Hacker News new | ask | show | jobs
by ant6n 1223 days ago
Mmh, compression ratio doesnt seem super high. I wonder how the values are stored, perhaps floats? Some thoughts:

Maybe using yuv would be better than rgb?

Maybe values could be represented as 0..1, and the values itself could be stored as 0.16 fixed point numbers.

Use some generic compression on top.

Is there a smart way to store the basis vectors? Something about angles somehow (analogue to quaternions)? Also, once U is known, isnt the inverse implied? Also, if U is approximated and fixed, perhaps the singular values can be adjusted again to minimize errors.

2 comments

> Is there a smart way to store the basis vectors?

Consider, instead, compressing small blocks of the image instead of a whole image plane at once. Let's say 8x8.

Over such a small region, pixels are usually very highly correlated. You could model them statistically as an order-1 autoregressive process with a high correlation coefficient (e.g., x[i + 1] = x[i]*rho + noise, with rho >= 0.95 usually, separately in both the horizontal and vertical directions).

Then, computing the eigendecomposition of the 8x8 cross-correlation matrix C_{ij} = rho^|i - j| produces a set of common eigenvectors that you can use for all blocks (recall that the left and right singular vectors U and V of a matrix M are just the eigenvectors of M.M^T and M^T.M, respectively). So now instead of several very large vectors, you only need a single 8x8 matrix of basis vectors (because it's square and orthonormal, the inverse is just the transpose).

But wait. Let's take the limit as rho -> 1. It just so happens that the resulting eigenvectors converge to the Type 2 Discrete Cosine Transform [0]. So, in fact, you don't need to transmit the basis at all.

You can store the output of the transform as fixed point numbers with some arbitrary base (the choice controls the amount of compression: anything too small just gets rounded to zero). Maybe use run-length encoding as your generic compression, because you expect to have a lot of zeroes (visit them in a zig-zag order, to get the big values first and maximize the length of the runs of zeroes), with some Huffman coding of the actual symbols.
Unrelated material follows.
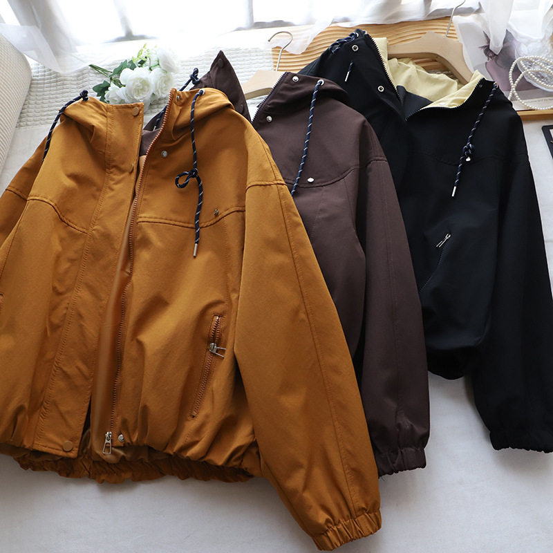 2026早春新款韩版时尚休闲连帽拼接宽松百搭夹克外套女常规厚薄
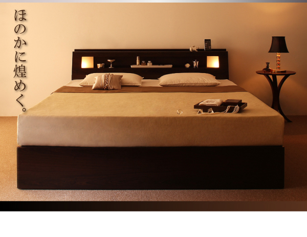 棚、モダンライト、コンセント付きのヘッドボード、ヘッドボード両側面に用途に応じた使い方可能な収納を用意!

Add a simple predictor for the (0,0) coefficient of each block (it winds up being the average of the pixel values, so it should be pretty similar from block to block).

Congratulations, you just invented JPEG.

[0] http://ieeexplore.ieee.org/stamp/stamp.jsp?tp=&arnumber=1672...

I’m guessing there’s just a lot left on the table—

> Maybe values could be represented as 0..1, and the values itself could be stored as 0.16 fixed point numbers. Use some generic compression on top.

Codecs like JPEG use a variable amount of quantization. You quantize by scaling the 0..1 float by some scalar, putting it in the range 0..k, and then truncating it to an integer, and encoding the integer. The integer value is encoded using an entropy coder like Huffman. The parameter k must also be encoded somehow, or fixed.

Look up “JPEG coefficient quantization” for how JPEG does it.

Codecs for audio and images are often made up of understandable parts that fit together: transformations, quantization, entropy coding. If you come up with a new transformation, you can make a whole codec by putting together the remaining pieces—but something like a new transformation is itself interesting, because somebody else can always assemble it into a codec if it shows promise.

> Codecs like JPEG use a variable amount of quantization

The reason quantization works so well in JPEG is because of the DCT step and its energy compaction properties. This gets most of the coefficients near zero. I think without this transform you would be introducing a lot more noise in the final result.

At some point, we are going to end up re-implementing a thing approximating jpeg here. Colorspace convert, subsampling & DCT+quantization is most of the magic sauce.

The singular value decomposition is doing the same thing as the DCT, sort of. It’s transforming the image into coefficients where the important coefficients are packed in one location. It’s worth applying similar techniques. You can see the demo where it’s truncating the coefficients.

Half the image codecs out there look like JPEG if you squint hard enough. That’s ok, “reimplementing a thing approximating” another codec is how a lot of marginal improvements have been made in the past, and if you add up enough marginal improvements, you end up with a competitive new codec in its own right.

The DCT isn’t magic, it just happens to work really well and requires little computational power. There’s a lot of possibilities for replacing the DCT with something else, especially now that we have more computational power to throw around.